А неожиданную твердость и решительность на японской войне обнаружила не Алиса Виктория Елена Луиза Беатриса, а ее соплеменница Каролина Мария Юзефа.

Дед, едва отбив атаку командира полка и его наглого помощника, был вынужден открыть «второй фронт», и против кого?..

Ст. Борзя. Октябрь. 1-е ч. 1904 г.

Дорогая деточка Кароля!

После моего последнего письма к тебе я получил от тебя уже три письма, а сегодня получил и открытку. Вижу, моя дорогая, как ты страдаешь и терзаешься, какое тяжелое душевное состояние переживаешь.

Если бы ты знала, как горько и больно это знать!

Но что же делать, милая? У тебя явилась мысль ехать сюда, и ты спрашиваешь меня, можно ли это сделать. Ты с нетерпением ждешь моего ответа и просишь ответить не умом, а сердцем. Но я, милая Кароля, не могу ответить только сердцем, я должен поэтому дать тебе два ответа.

Я думаю, тебе не нужны мои уверения в том, что был бы несказанно рад видеть тебя, обнять, расцеловать. Конечно твой приезд сюда дал бы мне много счастья и хороших минут. Я не хочу даже справляться о законах, не хочу принимать во внимание то, как к этому отнесется мое начальство. Это для меня безразлично, и лично я не испугаюсь никаких для себя неприятностей. Но меня тревожит мысль о том, с чем для тебя, моя дорогая, сопряжена будет эта поездка. Мне страшно подумать, что ты должна будешь одна ехать такую даль и подвергаться в дороге всяким случайностям; страшно подумать, что, приехав сюда, ты должна будешь жить в дурной и неудобной квартире во время здешних ужасных ветров и морозов. Но главное, конечно, это неизвестность нашего положения. Ведь мы все время держимся наготове к выступлению. Что же будет, если через несколько дней после твоего приезда полк будет выступать в поход, а ты должна будешь опять одна совершить обратное путешествие? Ведь об этом подумать ужасно. Или еще хуже — ты приедешь сюда и узнаешь, что два-три дня тому назад наш полк ушел. Как ты будешь чувствовать себя, дорогая, и что мне придется передумать и перечувствовать за твою судьбу?! Даже если бы ты и застала нас и могла бы здесь устроиться на время стояния нашего полка, то и тогда 15 дней в каждом месяце я должен буду оставлять тебя тут одну в то время как сам буду в командировках. А у меня эти командировки ежемесячные. Мне противна мысль, что ты волей-неволей должна будешь оставаться в обществе наших офицеров, которые ничего не могут дать ни уму, ни сердцу. Сколько всяких других случайностей здесь в глуши может быть? Ну, не дай Бог, ты заболеешь? Ведь я всю жизнь буду мучиться сознанием того, что это моя вина. А здесь даже лечиться не всегда есть чем. Наконец я знаю, что твои родители не согласятся на эту поездку сюда, и значит мы оба должны будем совершенно испортить и с ними отношения. Все это, Кароля, так серьезно и так грустно, что я умом не могу согласиться на твою поездку. Ты знаешь, дорогая, что когда было легко сделать подобную вещь (напр. приехать в Ольховатку), я сам просил тебя не раз к себе. Но теперь ехать за тысячи верст быть может затем, чтобы даже не увидеться, нет смысла.

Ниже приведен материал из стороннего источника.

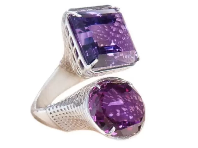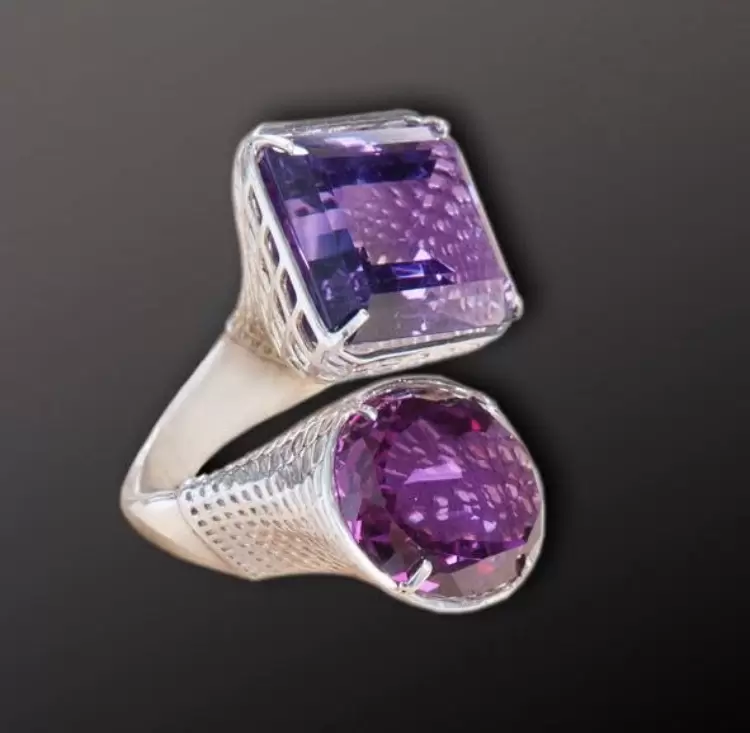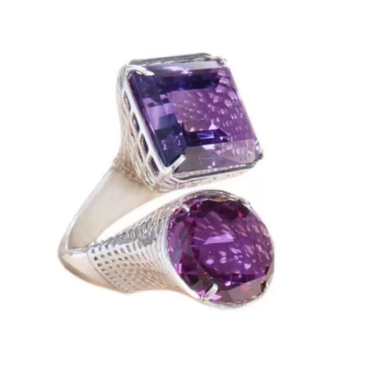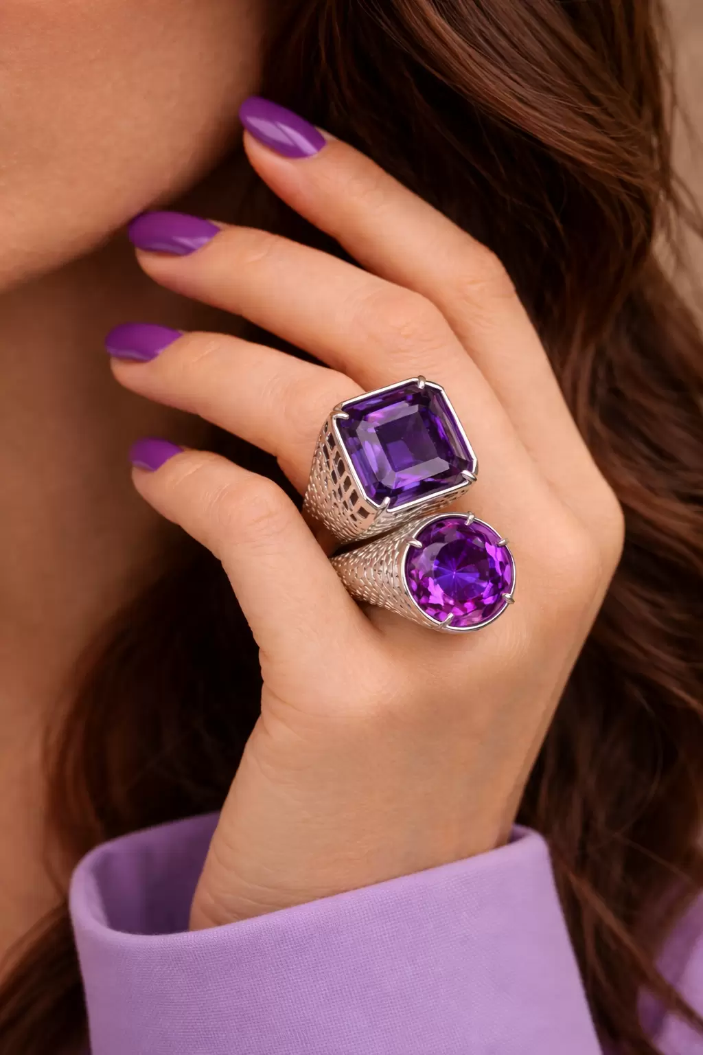 O protagonista absoluto é o duplo encontro de ametistas naturais de dimensões generosas: uma pedra de lapidação quadrada facetada e uma pedra de lapidação oval brilhante, ambas caracterizadas por intensas tonalidades violetas que captam a luz e realçam a mão com um efeito luminoso e sofisticado.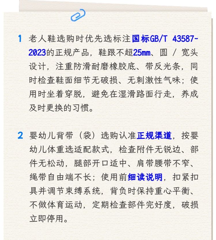 市市场监管局介绍,“3·15”国际消费者权益日来临之际,市场监管总局发布老人鞋和婴幼儿背带(袋)2类产品消费提示,旨在通过介绍产品选购和使用方面的常识,帮助广大消费者科学购买和使用相关产品,筑牢安全防线。

Я понимаю, как тебе тяжело и мучительно оставаться дома. Но я все-таки более спокоен за тебя теперь, чем когда ты будешь здесь. Я знаю, что там ты окружена людьми, которые хотя и не понимают тебя, но которые тебя любят и всегда в состоянии о тебе позаботиться. А тут ты ошибаешься в своем предположении успокоить себя и улучшить свое настроение. Вряд ли тебе доставит удовольствие видеть меня в моем ужасном состоянии от безделья. А ведь с твоим приездом не изменится самое главное в моем отвратительном положении, это отсутствие дела, что меня убивает и повергает в самое гадкое расположение духа. Я и тебя только измучаю своим настроением, когда пройдут первые порывы радости и счастья. Подумай, дорогая, милая Кароля, обо всем этом и поступай, как хочешь.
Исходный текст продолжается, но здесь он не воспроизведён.